Calculate the number of moles of 2NaCl, that can be obtained from 25g of Na2CO3 in the presence of excess HCl

To solve this problem, we need to calculate the number of moles of Na2CO3 first, and then use the stoichiometry of the balanced chemical equation to determine the number of moles of 2NaCl that can be obtained.

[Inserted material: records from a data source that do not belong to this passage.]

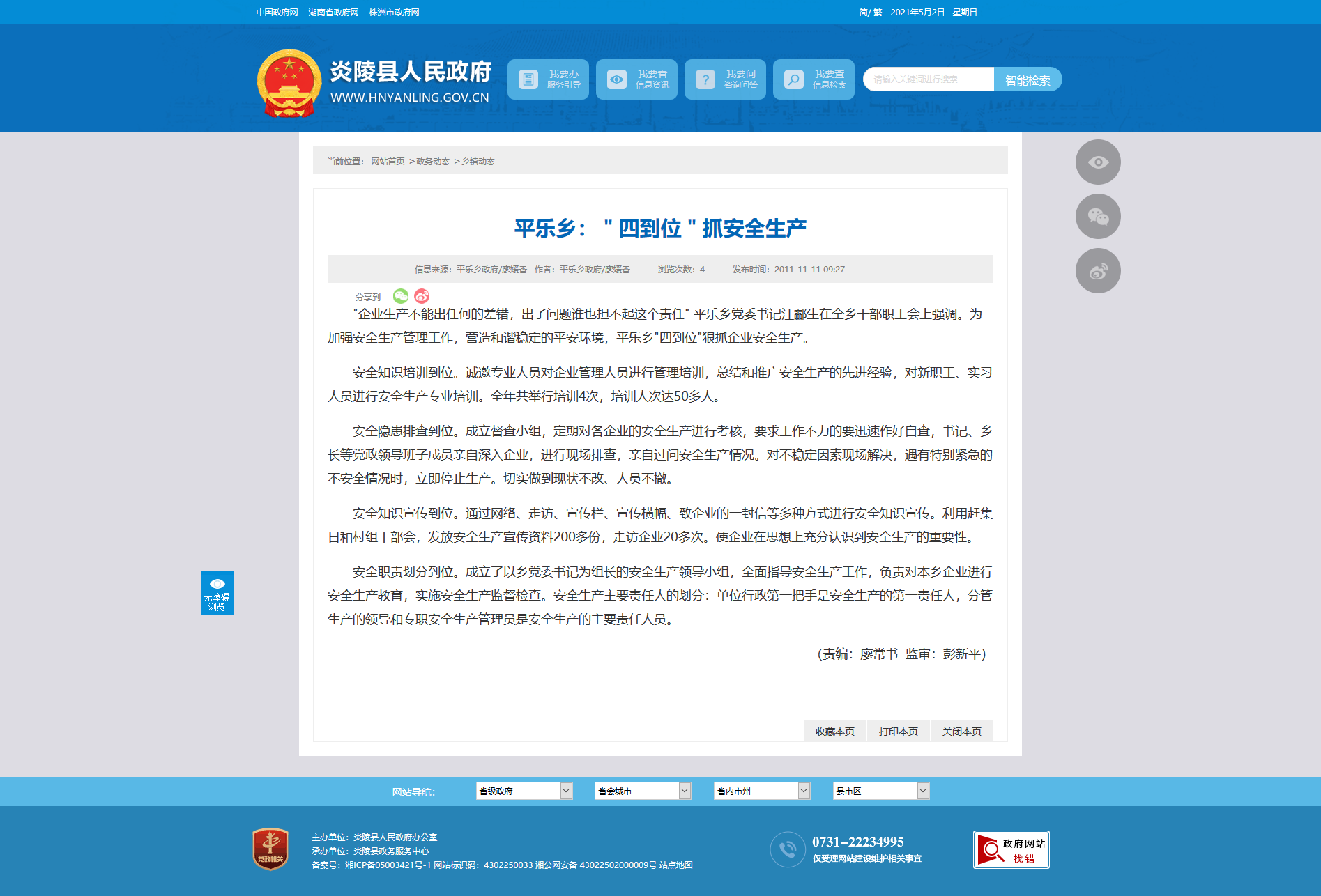 "企业生产不能出任何的差错,出了问题谁也担不起这个责任" 平乐乡党委书记江酃生在全乡干部职工会上强调。为加强安全生产管理工作,营造和谐稳定的平安环境,平乐乡"四到位"狠抓企业安全生产。
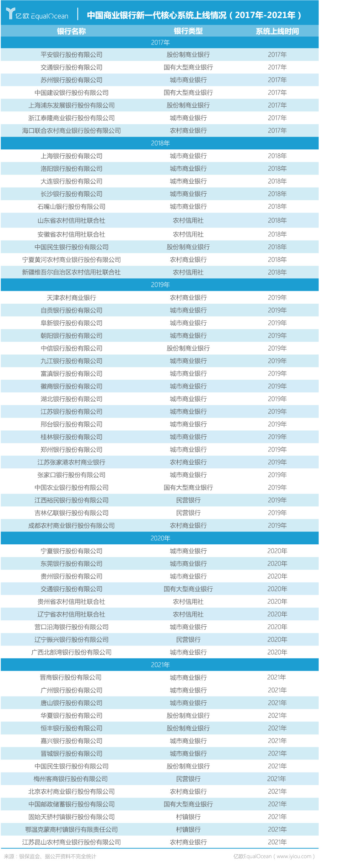 图1-16 我国银行新核心建设情况(2017-2021年)
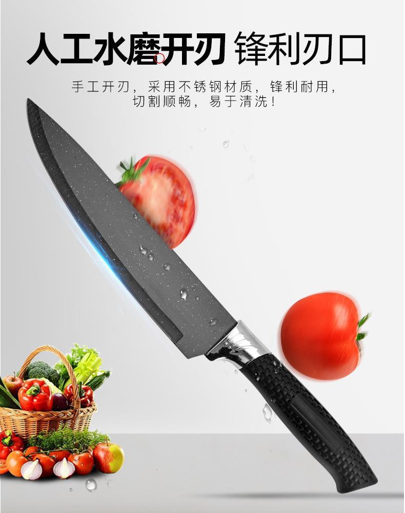 cross-border hot selling woven handle black spray point knife six-piece set stainless steel knife gift knife set suit
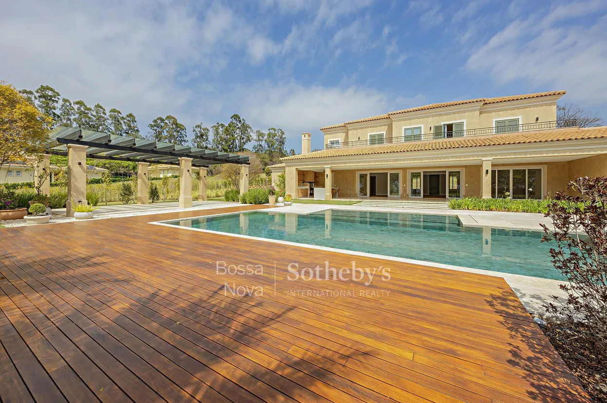 Projeto assinado por Antonio Scarpa, esta residência nova está situada em rua tranquila com paisagismo consolidado. A área íntima conta com seis suítes amplas, incluindo a principal com dimensões generosas. Os acabamentos são contemporâneos, com ar-condicionado em todos os ambientes e marcenaria sob medida em todos os cômodos. A cozinha é equipada, e há dependência para funcionários. A área externa integra piscina e gazebo ao paisagismo, e a casa conta ainda com sistema de automação.
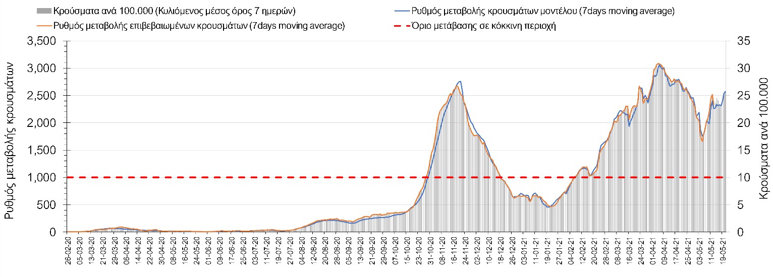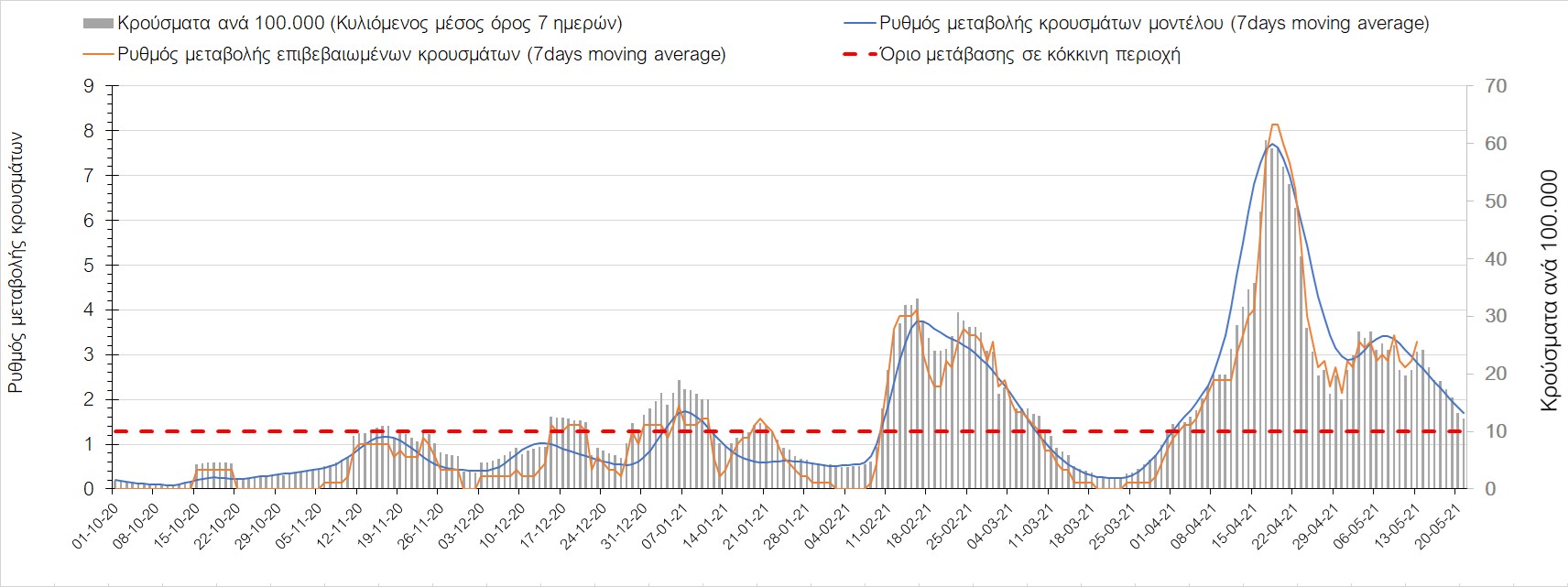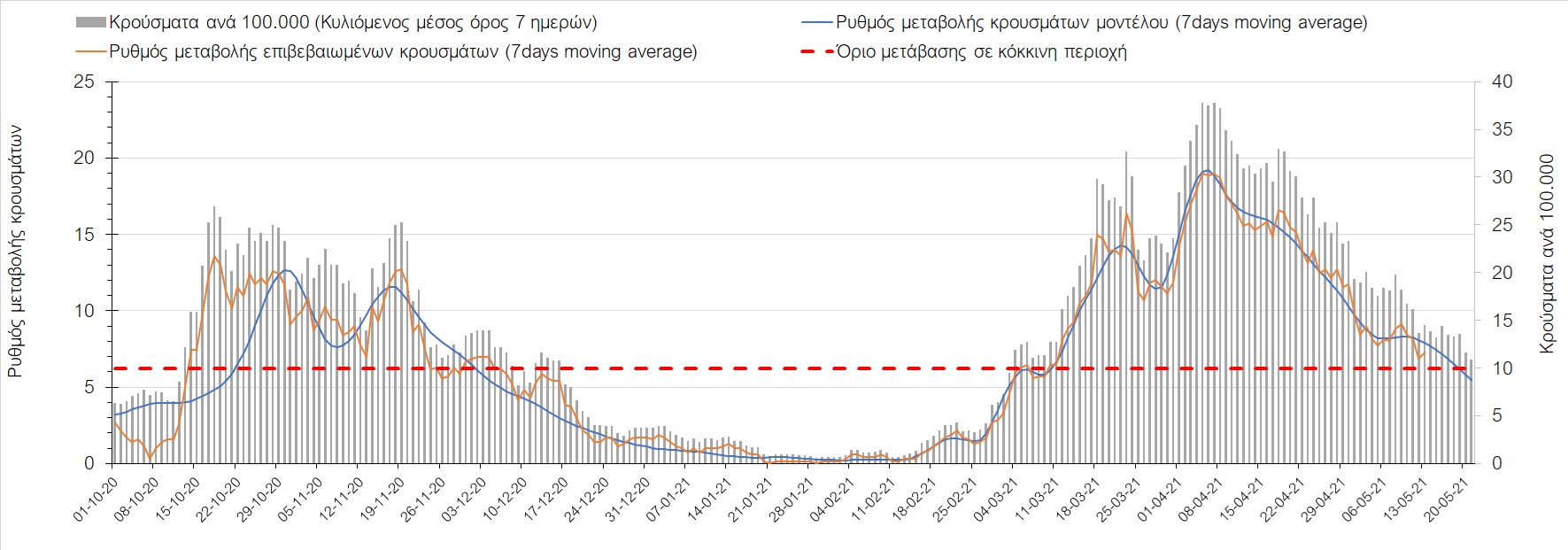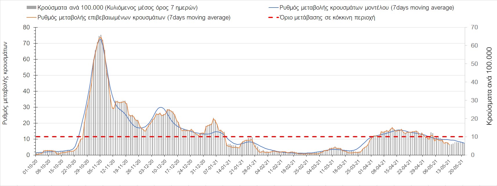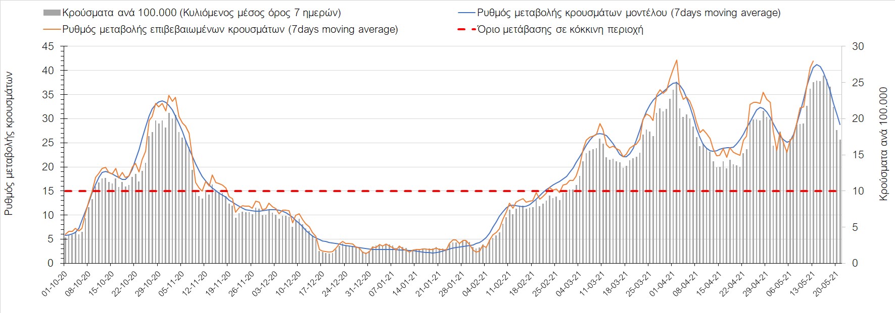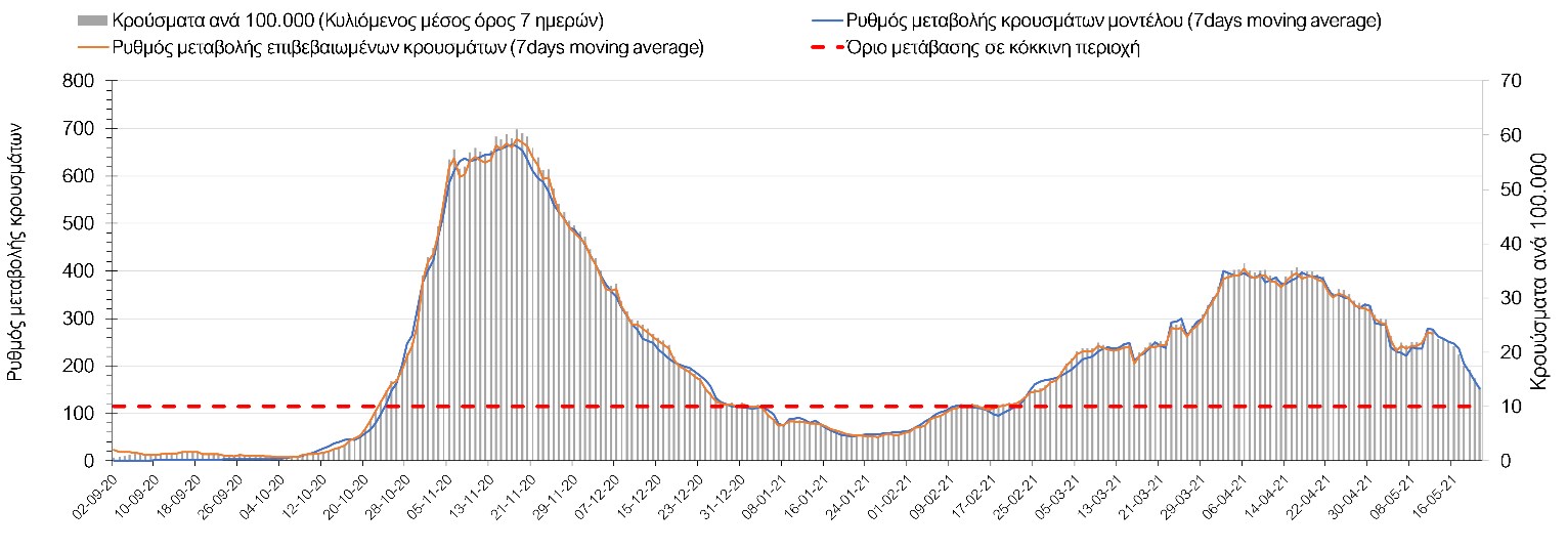 Σχήμα 52. Πορεία του ημερησίου αριθμού των κρουσμάτων (κυλιόμενος μέσος όρος 7 ημερών) στην Θάσο Συμπεράσματα:Με βάση τα αποτελέσματα της Πέμπτης είχαμε μείωση των ασθενών σε κρίσιμη κατάσταση (διασωληνωμένοι σε ΜΕΘ) σε σχέση με προχθές, και συνεχίζει η συνολικά αργή αποκλιμάκωση, η οποία εκφράζεται και στον αριθμό των θανάτων. Οι προβλέψεις αυτές συνάδουν με τις προσομοιώσεις του μοντέλου CORE, όπως και ο αριθμός των κρουσμάτων, μετά και τις επικαιροποιημένες προβλέψεις προ 2 μηνών, όπου ελήφθη υπόψιν η μεγαλύτερη διασπορά των μεταλλαγμένων και ταχύτερα μεταδιδόμενων στελεχών. Σε πανελλαδικό επίπεδο ο κυλιόμενος εβδομαδιαίος μέσος όρος του δείκτη θετικότητας διαμορφώθηκε στο 4,7% (η ημερήσια τιμή είναι 3,5%) ενώ ο κυλιόμενος εβδομαδιαίος μέσος όρος του πραγματικού αριθμού αναπαραγωγής Rt (δηλαδή ο αριθμός των ατόμων που ένας φορέας μπορεί να επιμολύνει) διαμορφώθηκε στο 1,12 (τιμές του Rt πάνω από τη μονάδα υποδηλώνουν καθαρή αύξηση της διασποράς του ιού στην κοινότητα). Η ταυτόχρονη αύξηση και των δύο δεικτών, που παρατηρήθηκε τις προηγούμενες ημέρες, υποδηλώνει την συνολικά αυξητική πορεία στο συνολικό αριθμό κρουσμάτων στη χώρα από την Πέμπτη του Πάσχα και έπειτα. Με βάση τα αποτελέσματα, βλέπουμε ανοδικές τάσεις πλέον και σε επαρχιακές πόλεις της Βορείου Ελλάδας, οι οποίες χρονικά συνάδουν με αύξηση επαφών τις ημέρες του Πάσχα. Με βάση τις τάσεις που διαμορφώνονται, είναι σημαντικό να διατηρηθεί ο υψηλός αριθμός των τεστ ανίχνευσης, έτσι ώστε να μπορούμε να έχουμε καλή εικόνα της διασποράς της πανδημίας στις επόμενες ημέρες, όπου συνδυάζονται με τα πιο πρόσφατα ανοίγματα (εστίαση, άνοιγμα Δημοτικών και Γυμνασίων). Όπως ήδη αναφέρθηκε, αναμένεται στις επόμενες ημέρες μια προσωρινή πτώση της ταχύτητας αύξησης, η οποία θα οδηγήσει σε ένα μέγιστο περί τα 2600 κρούσματα/ημέρα (κυλιόμενος εβδομαδιαίος μέσος όρος) στο τέλος Μαΐου. Η ήπια αναχαίτιση του 3ου κύματος που παρατηρούνταν μέχρι και τις ημέρες του Πάσχα, οφείλονταν σε ένα συνδυασμό παραμέτρων, οι οποίες είναι η συνέχιση του lockdown, η χρήση των self-test, η αύξηση του αριθμού των τεστ από τον ΕΟΔΥ, γεγονός που συντελεί στην απομάκρυνση από τις αλυσίδες μετάδοσης των ασυμπτωματικών και προσυμπτωματικών φορέων, η προοδευτική βελτίωση του καιρού και σε μικρότερο βαθμό η πρόοδος των εμβολιασμών, η σημασία των οποίων στον έλεγχο της πανδημίας θα αρχίσει να είναι πιο εμφανής από το τέλος του επόμενου μήνα, ιδιαίτερα λαμβάνοντας υπόψιν τη σημαντική αύξηση του ρυθμού εμβολιασμού, με περίπου 110.000 εμβολιασμούς ημερησίως. Όμως, με δεδομένο το άνοιγμα του λιανικού εμπορίου και όλων των εκπαιδευτικών βαθμίδων πλέον, είναι ακόμα πιο σημαντική η τήρηση των μέτρων, ενώ ύψιστης σημασίας στις επόμενες εβδομάδες θα αποδειχθεί η ορθή και μαζική εφαρμογή των self-test, με ταυτόχρονη αύξηση της ιχνηλασίας των επαφών των ανιχνευθέντων ως θετικοί και καραντίνα 14 ημερών για τους συμπολίτες μας που θα επιβεβαιωθεί ότι είναι θετικοί στην μόλυνση με SARS-CoV-2 ακόμη και αν είναι ασυμπτωματικοί. Δεδομένου ότι τελικά ο αριθμός των self-test που πραγματοποιούνται ημερησίως δεν έχει φθάσει στα επιθυμητά νούμερα στα οποία βασίζονται οι προβολές που παρουσιάζονται στην παρούσα τεχνική έκθεση μέχρι τις 21 Μαΐου, μόλις έχουμε νεότερα για τον ακριβή αριθμό τους και τη συχνότητα εκτέλεσης αυτών, θα επικαιροποιήσουμε τις προβλέψεις μ
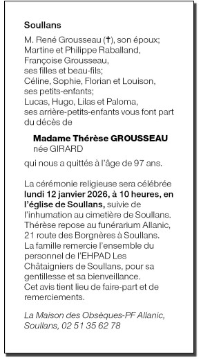 de Madame Marie Thérèse GROUSSEAU née GIRARD

1. Calculate the molar mass of Na2CO3:
Na: 2 * 22.99 g/mol = 45.98 g/mol
C: 1 * 12.01 g/mol = 12.01 g/mol
O: 3 * 16.00 g/mol = 48.00 g/mol

Total molar mass of Na2CO3 = 45.98 + 12.01 + 48.00 = 105.99 g/mol

2. Calculate the number of moles of Na2CO3:
Moles of Na2CO3 = Mass of Na2CO3 / Molar mass of Na2CO3
Moles of Na2CO3 = 25 g / 105.99 g/mol = 0.236 moles

3. Use the stoichiometry of the balanced chemical equation to determine the number of moles of 2NaCl:
The balanced chemical equation for the reaction is:
Na2CO3 + 2HCl -> 2NaCl + H2O + CO2

From the balanced equation, we can see that 1 mole of Na2CO3 produces 2 moles of 2NaCl.

Therefore, the number of moles of 2NaCl = 2 * Moles of Na2CO3
Number of moles of 2NaCl = 2 * 0.236 moles = 0.472 moles

So, 25g of Na2CO3 can produce 0.472 moles of 2NaCl.